El Frente para la Victoria, a pesar de las divisiones internas que lo mantienen en pugna, está dispuesto a aprobar el Presupuesto, pero no las modificaciones a los tributos. Esa intención, de todas maneras, obliga a la Comisión de Presupuesto y Hacienda, que conduce el peronista-macrista Alvaro González, a redistribuir las partidas.
Por eso, ahora, la sanción del primer Presupuesto de Macri, justo para el año electoral, tendría posibilidades de sancionarse más cerca de la Navidad que en la próxima semana, como pretende el Gobierno porteño.

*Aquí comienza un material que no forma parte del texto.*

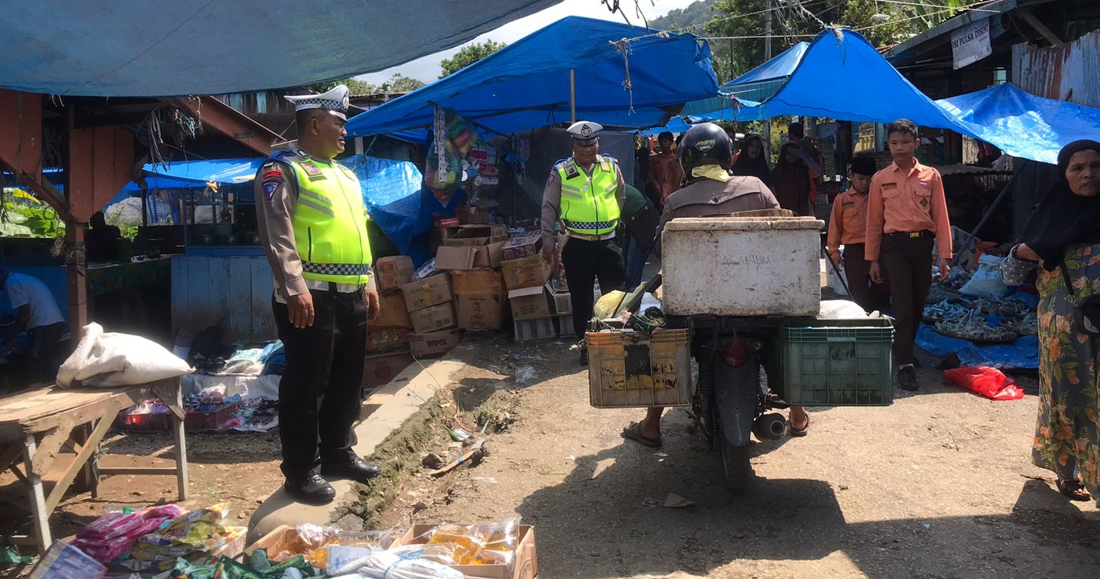 Pakpak Bharat,sinarpagiindonesia.com –Kapolres Pakpak Bharat AKBP Bambang C Utomo, S.H., S.I.K., M.Si Melalui Personil Pos Satuan Lalu Lintas Sibande Polres Pakpak Bharat Bripka Dolar Tarigan Dan Anggotanya dibawah Pimpinan Kasat Lantas Polres Pakpak Bharat Iptu Aswin Irwan S.H melaksanakan patroli sekaligus gatur lantas di pusat pasar pekan onan Sibande. Rabu (24/04/2024) Sekira pukul 10.00 Wib.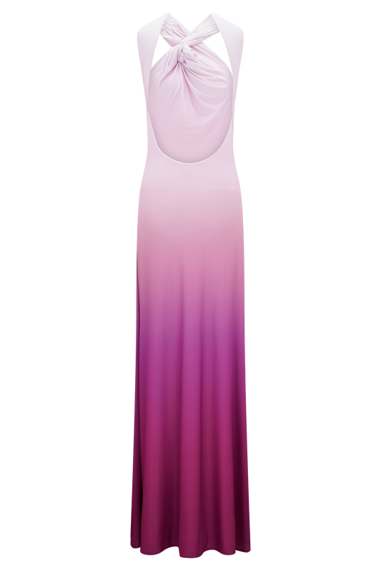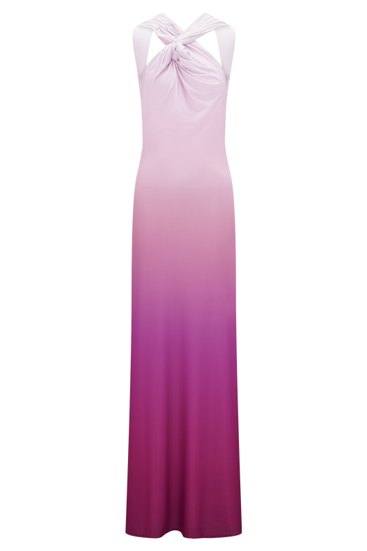 Marlee Asymmetrical Slinky Maxi Dress - Ombre Pink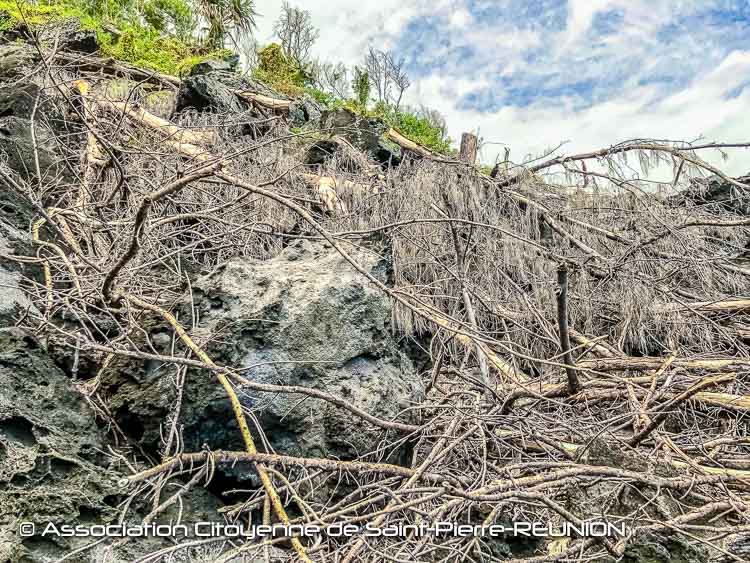 Pourtant, il suffit d’aller sur site pour constater l’étendue des dégâts au niveau des falaises, notamment l’amoncellement de déchets de coupe sur les terriers, ce qui prouve qu’il s’agit bien dune élimination systématique des filaos dans la zone de reproduction des puffins, et des travaux ont lieu aussi en saison de reproduction. C’est ce que nous avons indiqué à la BNOI par mail et téléphone, BNOI à qui nous avons demandé le constat sur place étant donné qu’il n’y a pas nécessité absolue d’éliminer tous les filaos dans et en bas de falaise.
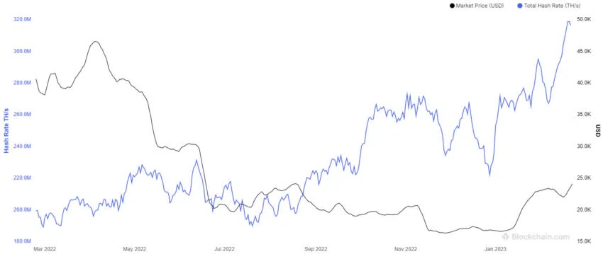 El hashrate de la red alcanzó un máximo histórico de 318 exhashes por segundo (EHs) esta semana, según Blockchain.com. Actualmente se encuentra justo por debajo de esos niveles después de aumentar un 25% desde principios de este año.

A eso se agrega que los legisladores de PRO ya están armando un combo de leyes para sacar unas, supeditadas a las otras. A ese paquete que ya integran la ley presupuestaria, la Tarifaria y el Código Fiscal, se suma la norma que le permitiría a Macri rematar tres lotes en la zona vip de Catalinas, frente a Puerto Madero, con los cuales obtendría más de $ 100 millones para volcar a las partidas de Educación. Otras decisiones relacionadas con los votos al Presupuesto la integran las designaciones en los organismos de control, cuya renovación venció y una lista de iniciativas que abultarán la última sesión del año, como suele ocurrir.